What you'll do:
as a lead support engineer for srs distribution, a wholly owned subsidiary of the home depot, you will be an integral part of our applications production support and sre team as a lead (with devops background). You will be responsible for ensuring the stability, reliability, and performance of business-critical applications and services in production environments. This role will oversee the l1/l2 support teams, manage daily operational activities while driving improvements in system reliability, workflow automation, and the effectiveness of monitoring and incident management processes.
the ideal candidate is hands-on with technical expertise in azure devops, incident and problem management, system reliability, observability & apm tools (azure, new relic), and continuous improvement processes.
key responsibilities
1. Production support & operations
* lead day-to-day application production support for mission-critical systems (l2/l3).
* act as the primary escalation point for critical application issues and outages
* manage and coordinate incident response, root cause analysis (rca), and collaborate with dev team for problem resolution.
* coordinate root cause analysis (rca) and post-incident reviews to drive long-term stability
* ensure slas and uptime targets are consistently met across all supported applications.
* work closely with development teams to deploy hotfixes, enhancements, and configuration changes safely.
2. Site reliability engineering (sre)
* implement and manage sre practices such as error budgets, slis/slos, and proactive reliability improvements.
* design and maintain monitoring, alerting, and logging frameworks to ensure proactive issue detection.
* optimize application performance and scalability through observability and telemetry (apm, logs, metrics, traces).
* design and implement monitoring dashboards and alerting using tools like azure monitor, application insights, grafana, or prometheus.
3. Devops & azure expertise
* good understanding of azure devops and azure application architecture.
* partner with development teams to improve release automation, environment provisioning, and deployment reliability.
* manage ci/cd pipelines and release processes using azure devops
* collaborate with development teams to embed reliability and supportability into the sdlc.
4. Leadership & collaboration
* lead and mentor a team of production support engineers.
* establish operational runbooks, standard operating procedures (sops), and escalation matrices.
* collaborate with cross-functional teams (development, qa, infrastructure, and business) to ensure end-to-end reliability.
* communicate effectively with business stakeholders regarding system health, incident status, and performance metrics.
* drive post-incident reviews and continuous improvement initiatives.
requirements we look for:
* strong experience with azure devops, servicenow, observability and apm tools like new relic, azure appinsight and etc.
* good understanding in azure cloud services (app services, aks, functions, service bus, sql, etc.).
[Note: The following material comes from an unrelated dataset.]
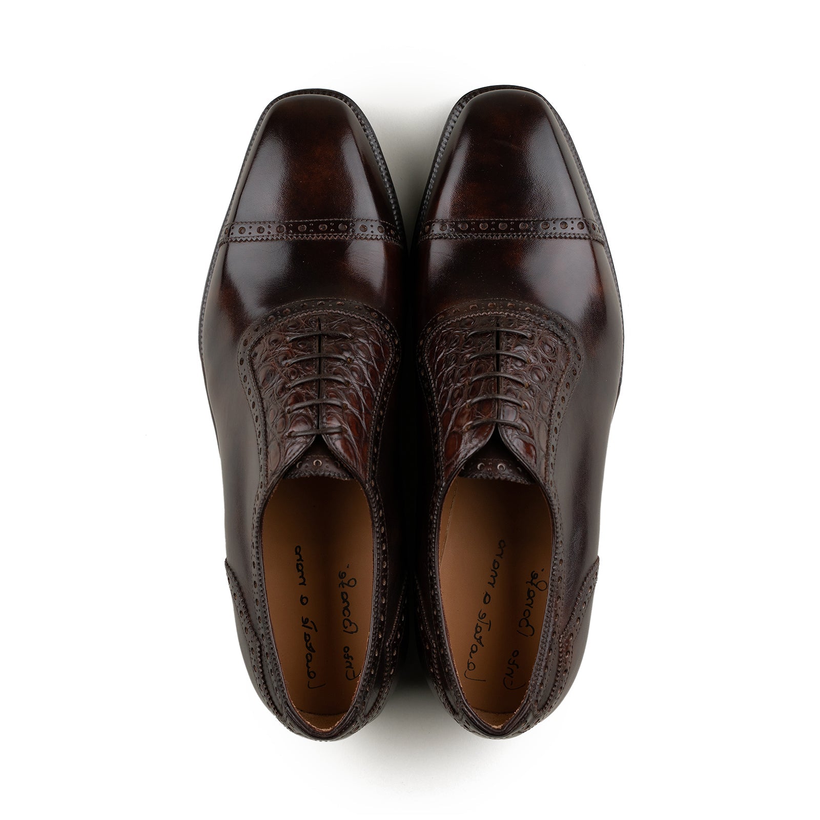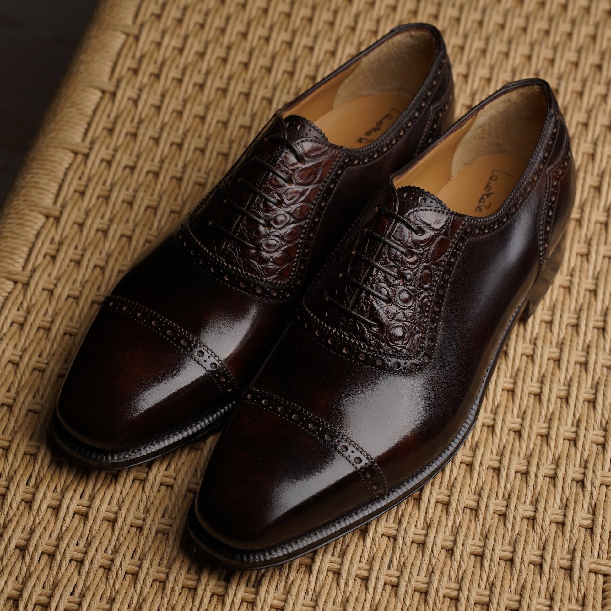 This adelaide oxford pairs dark brown museum calf with alligator leather accents, creating a striking balance between classic refinement and subtle luxury. The deep, hand-finished tones of the calf provide richness and depth, while the textured alligator panels add a discreet yet unmistakable point of interest. A sophisticated choice for those who appreciate elevated details without excess.

* knowledge of ci/cd, infrastructure as code (iac), and automation scripting (powershell, bash, python).
* deep understanding of sre principles and tools for monitoring, alerting, and logging.
* strong grasp of incident management frameworks (itil, major incident processes).
qualities that stir our souls (and make you stand out):
* excellent problem-solving and analytical thinking.
* strong communication and leadership capabilities.
* ability to manage multiple stakeholders and prioritize under pressure.
* proven experience leading a 24x7 support or on-call environment.
* bachelor's degree in computer science, engineering, or related field (or equivalent experience).
* 8+ years of experience in application support, it operations, or sre roles
* microsoft azure certifications (e.g., az-400, az-104, or az-305) are a plus.
* experience with itsm tools (servicenow, jira service management).